我工作的一个壳，小bash类似的外壳，无需脚本（如果在...）
我必须作出手工词法分析器/分析器（LL）。

I'm working on a shell, a small bash-like shell, without scripting (if while ...) I have to make the lexer/parser (LL) by hand.

让词法分析器将改变命令（的char * CMD ），以一个链表（ t_list *名单）。
而LL解析器将改变链表（ t_list *名单）至AST（二叉树的 t_btree *根）以<一个href=\"http://pubs.opengroup.org/onlinepubs/009695399/utilities/xcu_chap02.html#tag_02_10\">grammar

So the lexer will transform the command (char *cmd) to a linked list (t_list *list). And the LL parser will transform the linked list (t_list *list) to an AST (binary tree t_btree *root) with a grammar

所以，我知道如何使LL解析器，但我不知道如何来标记我的命令。

So, I know how to make the LL parser but I don't know how to tokenize my command.

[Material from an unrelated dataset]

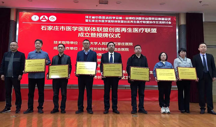 石家莊市醫(yī)學(xué)醫(yī)聯(lián)體聯(lián)盟創(chuàng)面再生醫(yī)療聯(lián)盟在此次大會(huì)上宣布成立。石家莊市醫(yī)學(xué)醫(yī)聯(lián)體聯(lián)盟是由北京大學(xué)人民醫(yī)院石家莊醫(yī)院牽頭成立的,此次依托石家莊市醫(yī)學(xué)醫(yī)聯(lián)體聯(lián)盟,成立了以技術(shù)協(xié)作交流為紐帶的專業(yè)聯(lián)盟組織。安雄彪副院長和方進(jìn)勇教授為聯(lián)盟第一批成員單位授牌。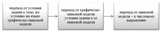 М. А. Романова справедливо полагает, что принципиально важным при проверке ответов решения задачи для деятельности моделирования является не столько выявление правильности (точности), сколько соотнесение данных, полученных на модели, с ее описанием в тексте. Поскольку перевод текста на знаково-символический язык, который приводит к построению модели, является значимым этапом решения задач и вместе с тем вызывает наибольшие трудности у обучающихся, рассмотрим его более подробно [15, с. 210].

例如： PS | grep的LS＆GT;＆GT;文件;让＆功放;＆安培; ./a.out

=> 'PS''|' 'grep'可以'ls'的'＆GT;＆GT;' '文件'';' ''做'和;＆放大器;' ./a.out

感谢。

（我不希望使用任何发电机）

(I don't wanna use any generator)

推荐答案

（这解释了暗示的想法 Spudd86 ）。

(This explains the idea hinted by Spudd86).

您需要实现一个有限状态机。主要有以下几种状态：

You need to implement a finite state machine. There are the following states:

常规状态

中的文件名

在＆放大器;＆安培; 标记

在 || 标记

General state
Inside a file name
Inside the && token
Inside the || token

对于每个国家和一个输入字符，你必须决定什么是下一个状态，以及是否要输出的令牌。例如：

For each state and next input character, you have to decide what is the next state, and whether to output a token. For example:

当前状态：常规;人物： X =>下一个状态：里面的文件名

当前状态：里面的文件名;人物：空格 =>下一个状态：常规;输出令牌

当前状态：里面的文件名;人物：＆安培; =>下一个状态：内 - ＆放大器;＆安培; ;输出令牌

当前状态：内 - ＆放大器;＆安培; ;人物：＆安培; =>下一个状态：常规;输出令牌

当前状态：内 - ＆放大器;＆安培; ;人物： X =>下一个状态：常规;语法错误

...（广告nauseum）

Current state: General; character: x => next state: inside-file-name
Current state: inside-file-name; character: space => next state: General; output the token
Current state: inside-file-name; character: & => next state: inside-&&; output the token
Current state: inside-&&; character: & => next state: General; output the token
Current state: inside-&&; character: x => next state: General; syntax error
... (ad nauseum)

这是很多枯燥的工作制定出所有的规则（有趣的开始，当你必须调试产生的code），所以大多数人使用code发电机做到这一点。

It's much boring work to work out all the rules (the fun starts when you must debug the resulting code), so most people use code generators to do that.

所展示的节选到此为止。